Untuk melakukan proses PCR menurut Handoyo dan Rudiretna (2001) diperlukan komponen-komponen seperti yang telah disebutkan di atas. Pada bagian ini akan dijelaskan secara rinci kegunaan dari masing-masing komponen tersebut.
1. Templat DNA
Fungsi DNA templat di dalam proses PCR adalah sebagai cetakan untuk pembentukan molekul DNA baru yang sama. Templat DNA ini dapat berupa DNA kromosom, DNA plasmid ataupun fragmen DNA apapun asal di dalam DNA templat tersebut mengandung fragmen DNA target yang dituju. Penyiapan DNA templat untuk proses PCR dapat dilakukan dengan menggunakan metode lisis sel ataupun dengan cara melakukan isolasi DNA kromosom atau DNA plasmid dengan menggunakan metode standar yang ada. Pemilihan metode yang digunakan di dalam penyiapan DNA templat tergantung dari tujuan eksperimen.
2. Primer
primer berfungsi sebagai pembatas fragmen DNA target yang akan diamplifikasi dan sekaligus menyediakan gugus hidroksi (-OH) pada ujung 3’ yang diperlukan untuk proses eksistensi DNA.

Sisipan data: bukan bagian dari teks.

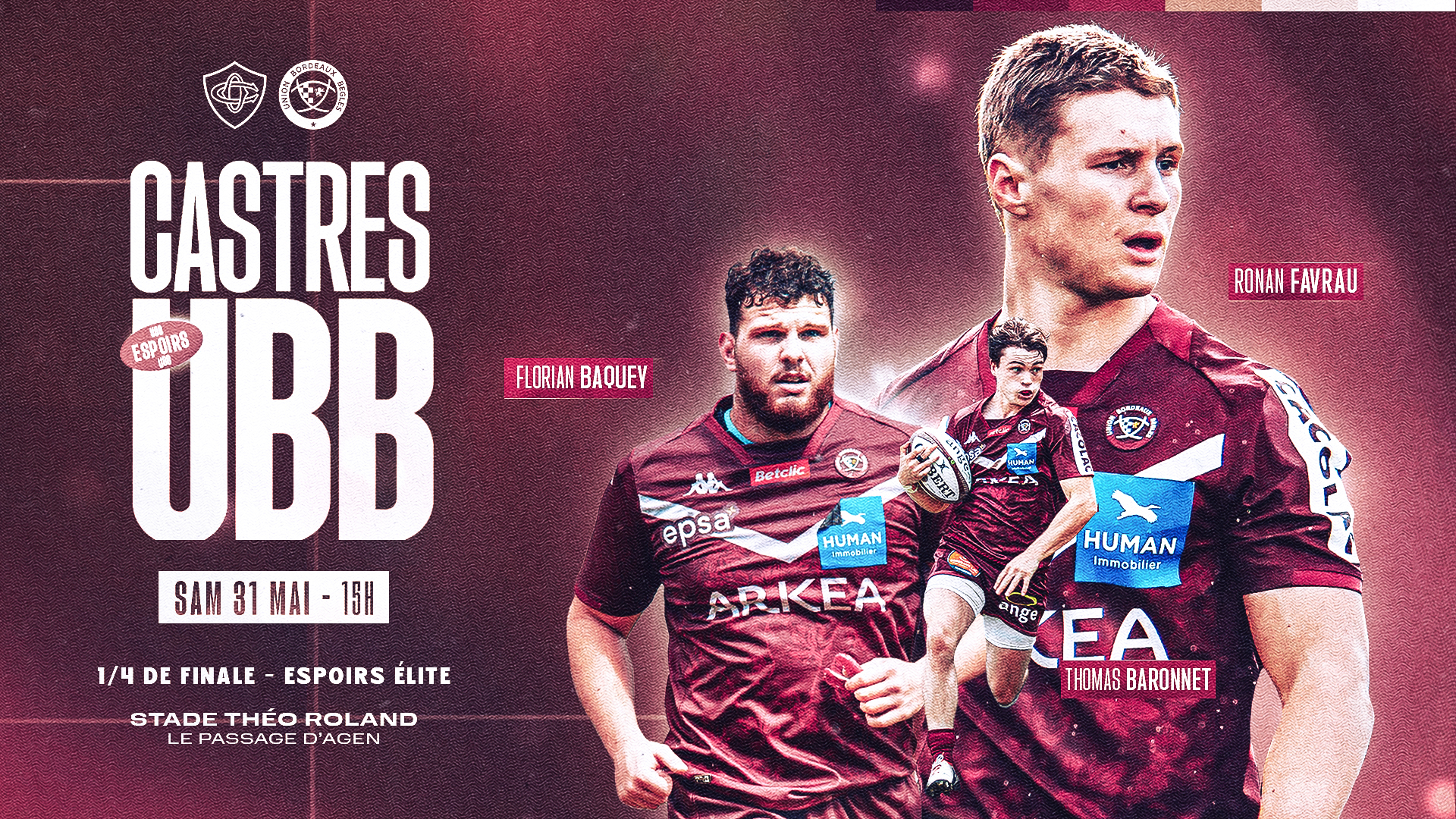 La rencontre se déroulera samedi 31 mai à 15h au Stade Théo Roland du Passage d'Agen, n'hésitez pas à venir les soutenir nombreux pour les aider à atteindre les demi-finales.

3. dNTPs (deoxynucleotide triphosphates)
dNTPs merupakan suatu campuran yang terdiri atas dATP
(deoksiadenosin trifosfat), dTTP (deoksitimidin trifosfat) , dCTP (deoksisitidin trifosfat) dan dGTP (deoksiguanosin trifosfat). Dalam proses PCR dNTPs bertindak sebagai building block DNA yang diperlukan dalam proses ekstensi DNA. dNTP akan menempel pada gugus –OH pada ujung 3’ dari primer membentuk untai baru yang komplementer dengan untai DNA templat. Konsentrasi optimal dNTPs untuk proses PCR harus ditentukan.
4. Buffer PCR dan MgCl2
Reaksi PCR hanya akan berlangsung pada kondisi pH tertentu. Oleh karena itu untuk melakukan proses PCR diperlukan buffer PCR. Fungsi buffer di sini adalah untuk menjamin pH medium. Selain buffer PCR diperlukan juga adanya ion Mg2+, ion tersebut berasal dariMgCl2. Dalam hal ini MgCl2
bertindak sebagai kofaktor yang berfungsi menstimulasi aktivitas DNA polymerase. Dengan adanya MgCl2 ini akan meningkatkan interaksi primer
dengan templat yang membentuk komplek larut dengan dNTP (senyawa antara). Dalam proses PCR konsentrasi MgCl2 berpengaruh pada spesifisitas
dan perolehan proses. Umumnya buffer PCR sudah mengandung senyawa MgCl2 yang diperlukan. Disarankan sebaiknya antara MgCl2 dan buffer PCR
dipisahkan supaya dapat dengan mudah dilakukan variasi konsentrasi MgCl2
sesuai yang diperlukan. 5. Enzim Polymerase DNA
Enzim polymerase DNA berfungsi sebagai katalisis untuk reaksi polimerisasi DNA. Pada proses PCR enzim ini diperlukan untuk tahap ekstensi DNA. Enzim polimerase DNA yang digunakan untuk proses PCR diisolasi dari bakteri termofilik atau hipertermofilik oleh karena itu enzim ini bersifat termostabil sampai temperatur 950C. Aktivitas polymerase DNA bergantung dari jenisnya dan dari mana bakteri tersebut diisolasi. Sebagai contoh adalah enzim Pfu polimerase (diisolasi dari bakteri Pyrococcus furiosus) mempunyai aktivitas spesifik 10x lebih kuat dibandingkan aktivitas spesifik enzim Taq polymerase (diisolasi dari bakteri Thermus aquaticus). Penggunaan jenis polimerase DNA berkaitan erat dengan buffer PCR yang dipakai (Handoyo & Rudiretna, 2001).